Understanding patterns and distributions of morphological traits is essential for discerning underpinning processes of morphological variation. We report on the variation in the avian pelvic limb skeleton. Length and width variables were measured in the skeletons of 236 avian species in order to examine the importance of body mass, ecological factors, phylogeny and integration in the formation of specific hindlimb morphology. Scaling relationships with body mass were analyzed across Aves and in individual avian subclades. Principal component analysis and multiple regressions were performed to examine the relationship between morphology, ecology, and phylogeny. Finally, the occurrence of within-limb morphological integration was tested by partial correlation analysis of the residuals from element lengths vs. body mass and correlation analysis of avian hindlimb proportions. Body mass is the greatest contributor to variation, and it strongly influences variation in avian skeletal lengths. Lengthening of the leg typically comes from disproportionate increases in tibiotarsal and tarsometatarsal length. Partial correlation analysis showed that only these two elements are distinctly integrated consistently across all bird taxa, whereas relation of femur and third toe to other limb elements displays no clear pattern. Hence, morphological integration of all elements is not a prerequisite for limb design, and variation between taxa is mainly to be found in femoral and digital length. Furthermore, variation in tibiotarsal relative length is much lower than in other elements likely due to geometric constrains. Clear ecological adaptations are obscured by multifunctionality of the avian hindlimb, and phylogeny significantly constrains the morphology.
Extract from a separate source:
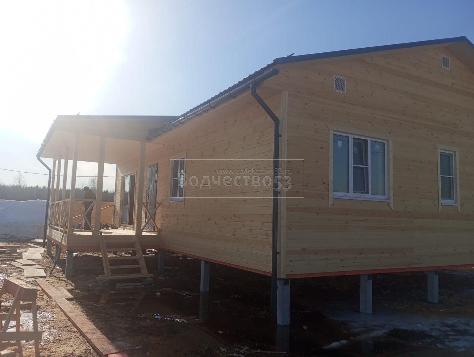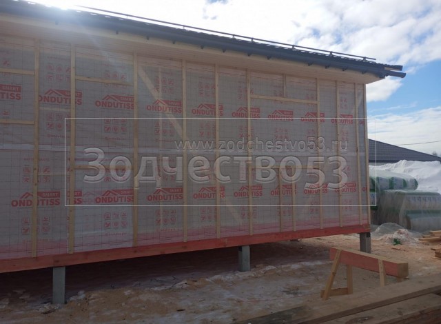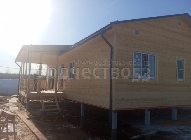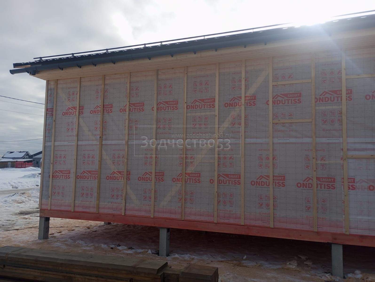 Постройка одноэтажного дома с открытой террасой общими размерами 12.0×11.50 ( 12.0×9.0 дом )каркасный (Камерной сушки) с утеплением в 200 мм (стены) под двухскатной крышей и ( 6.0×2.50 открытая терраса ) под отдельной односкатной крышей по проекту: https://zodchestvo53.ru/kseniya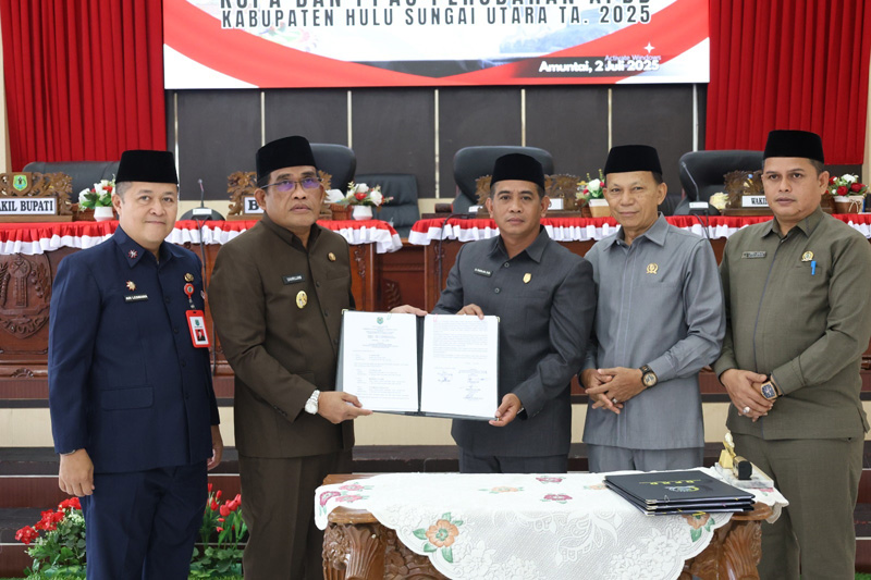 AMUNTAI – Pemerintah Kabupaten Hulu Sungai Utara (HSU) bersama Dewan Perwakilan Rakyat Daerah (DPRD) HSU, akhirnya sepakati Rancangan Peraturan Daerah (Raperda) tentang Rencana Pembangunan Jangka Menengah Daerah (RPJMD) Tahun 2025-2029 menjadi Peraturan Daerah (Perda).

Finally, when looking at relative lengths segmented limbs meet the requirements of many-to-one-mapping of phenotype to functional property, in line with a common concept of evolvability of function and morphology.

Comparative intralimb coordination in avian bipedal locomotion.

Analyses of how intralimb coordination during locomotion varies within and across different taxa are necessary for understanding the morphological and neurological basis for locomotion in general. Previous findings suggest that intralimb proportions are the major source of kinematic variation that governs intralimb coordination across taxa. Also, independence of kinematics from habitat preference and phylogenetic position has been suggested for mammals. This leads to the hypothesis that among equally sized bird species exhibiting equal limb proportions, similar kinematics can be observed. To test this hypothesis, the bipedal locomotion of two distantly related ground-dwelling bird species (Eudromia elegans and Coturnix coturnix) and of a less terrestrial species (Corvus monedula) was investigated by means of a biplanar high-speed X-ray videographic analysis. Birds exhibited similar intralimb proportions and were filmed over a broad range of speed while moving on a treadmill. Joint and limb element angles, as well as pelvic rotations, were quantified. Regarding fore-aft motions of the limb joints and elements, a congruent pattern of intralimb coordination was observed among all experimental species. The sample of species suggests that this is largely independent of their habitat preference and systematic position and seems to be related to demands for coping with an irregular terrain with a minimum of necessary control. Hence, the initial hypothesis was confirmed. However, this congruence is not found when looking at medio-lateral limb motions and pelvic rotations, showing distinct differences between ground-dwellers (e.g. largely restricted to a parasagittal plane) and C. monedula (e.g. increased mobility of the hip joint).